Goal of the exercise »
When you find the line with "Lot of 4 Vintage/Antique" among the records below, reproduce it and each line after it exactly, ending with the line with "Important: Always verify".

Supplied data »
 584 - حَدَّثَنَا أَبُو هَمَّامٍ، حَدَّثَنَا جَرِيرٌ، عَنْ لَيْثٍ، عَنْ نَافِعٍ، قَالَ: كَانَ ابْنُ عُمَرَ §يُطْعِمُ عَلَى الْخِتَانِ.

...

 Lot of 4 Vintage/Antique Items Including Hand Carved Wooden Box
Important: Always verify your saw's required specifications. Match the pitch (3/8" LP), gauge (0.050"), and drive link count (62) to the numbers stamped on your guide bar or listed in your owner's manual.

Answer space »
 Lot of 4 Vintage/Antique Items Including Hand Carved Wooden Box
Important: Always verify your saw's required specifications. Match the pitch (3/8" LP), gauge (0.050"), and drive link count (62) to the numbers stamped on your guide bar or listed in your owner's manual.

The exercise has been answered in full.